O Tribunal de Nuremberg
30/05/2018 10:00
O Tribunal de Nuremberg foi uma corte internacional formada para julgar o alto escalão nazista logo após o final da II Guerra, por crimes contra a humanidade e crimes de guerra.
Os crimes cometidos pelos alemães foram ações condenáveis em qualquer sociedade, independentemente de existir uma legislação internacional a respeito.

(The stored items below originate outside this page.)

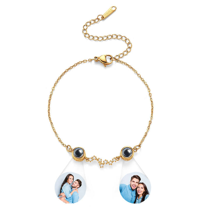 Personalized Double Projection Photo Bracelet Accompanied by Diamonds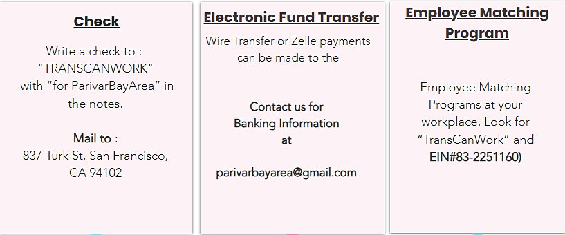 Parivar Bay Area is the nation’s first and only South Asian, Kinnar–Hijrah–led transgender organization, advancing immigrant justice and cultural belonging for Global South TGNCI communities who are too often erased from both immigrant and trans narratives. Your support fuels life-changing programs, Bridges to Belonging: TILARI for accessible legal services, the IELP Immigrant Emerging Leadership Program, Trans Immigrant Resettlement, and vibrant cultural and arts initiatives that restore stability, pride, and connection. We were the first South Asian trans organization to ever receive government funding, and the same one that lost it for being unapologetically trans-centered and trans-led. Every gift, whether $5 or $50,000, directly confronts systemic barriers like housing instability, discrimination, and lack of culturally competent services. When you give, you invest in safety, dignity, legal equity, cultural joy, and the power for our communities not just to survive, but to boldly belong and thrive. For a tax receipt related to your donation, please contact us at parivarbayarea@gmail.com. Tax-deductible donation receipts will be issued by our fiscal sponsor, TransCanWork, EIN: 83-2251160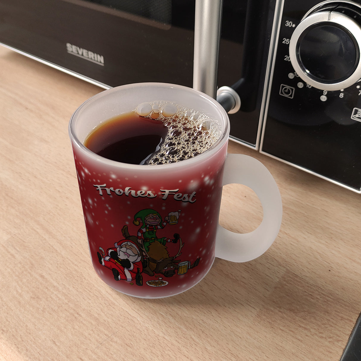 - Weihnachten steht vor der Tür und ihr stimmt euch auf die Festtage ein mit einer Tasse Glühwein aus dieser tollen Glühweintasse. Dieser versüßt den Abend mit einem witzigen Weihnachtsmotiv und wünscht ein frohes Fest. So schön können die Feiertage doch gern beginnen.
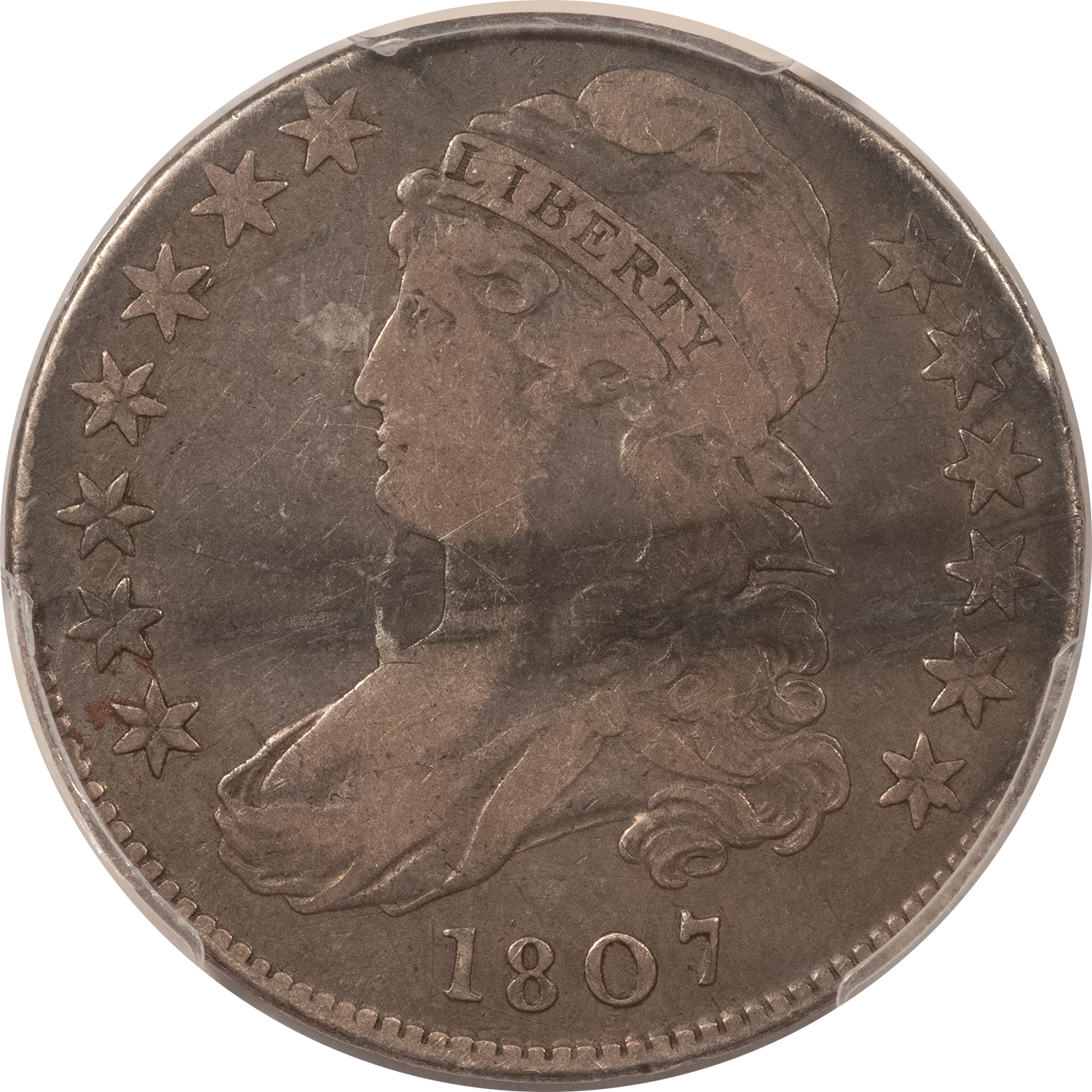 This is a 1807 CAPPED BUST HALF DOLLAR, BEARDED GODDESS – PCGS FINE DET STAINED BOLD CRACK! A popular and very rare variety. This one has an old rubber band stain, but is otherwise fairly decent. A bold crack at the chin! An affordable example of a variety that quickly exceeds five figures! Our commitment is to provide you with quality coins and collectibles at the best possible prices. This piece is no exception. Please note, the coin and collectibles markets do fluctuate, and prices occasionally will change. In this rare circumstance, we will contact you first to verify your order.

Vista aérea do Palácio da Justiça de Nuremberg, onde o Tribunal Militar Internacional julgou 22 dos principais oficiais alemães por crimes de Guerra. Nuremberg, novembro de 1945
Com a eclosão da Segunda Guerra Mundial e a blitzkrieg, permitiram que o III Reich fosse integrado à milhões de pessoas que, antes, eram submetidos a Estados democráticos e, este ponto se torna importante para o Julgamento, uma vez que as responsabilidades da burocracia civil e militar nazista por seus crimes somente aumentaram a partir deste momento, tendo em vista que milhões foram submetidos aos guetos, bairros fortificados, onde eram constantemente explorados e confinados.
“Em 20 de janeiro de 1942, 15 oficiais do alto escalão do Partido Nazista e líderes do governo alemão reuniram-se para um encontro importante em uma casa de campo à beira de um lago, na área nobre de Berlim chamada Wannsee. Reinhard Heydrich, principal representante do chefe das SS, Heinrich Himmler, organizou o encontro para discutir a "solução final para a questão dos judeus na Europa" com líderes do governo não pertencentes às SS, incluindo os secretários-gerais dos Ministérios da Justiça e das Relações Exteriores, cuja cooperação seria necessária para atingir o objetivo em pauta. A "Solução Final" era o código dos nazistas para o extermínio deliberado e cuidadosamente planejado” (de populações inteiras de judeus e outras minorias). Fonte: http://www.ushmm.org/outreach/ptbr/article.php? ModuleId=10007693
O extermínio relatado acima, teve início no leste europeu, sendo desdobrado para as outras regiões, posteriormente. A grande quantidade de mortos nos campos de concentração se deu em virtude do uso de câmara de gás, fuzilamento, experiências médicas, torturas, maus tratos, má alimentação, frio, doenças entre outros fatores e atrocidades cometidas.
No Tribunal de Nuremberg, os promotores apresentaram provas documentais acerca dos campos de concentração, bem como as técnicas que foram utilizadas, fato este que foi o ponto alto no julgamento dos 21 líderes alemães que estavam no banco dos réus.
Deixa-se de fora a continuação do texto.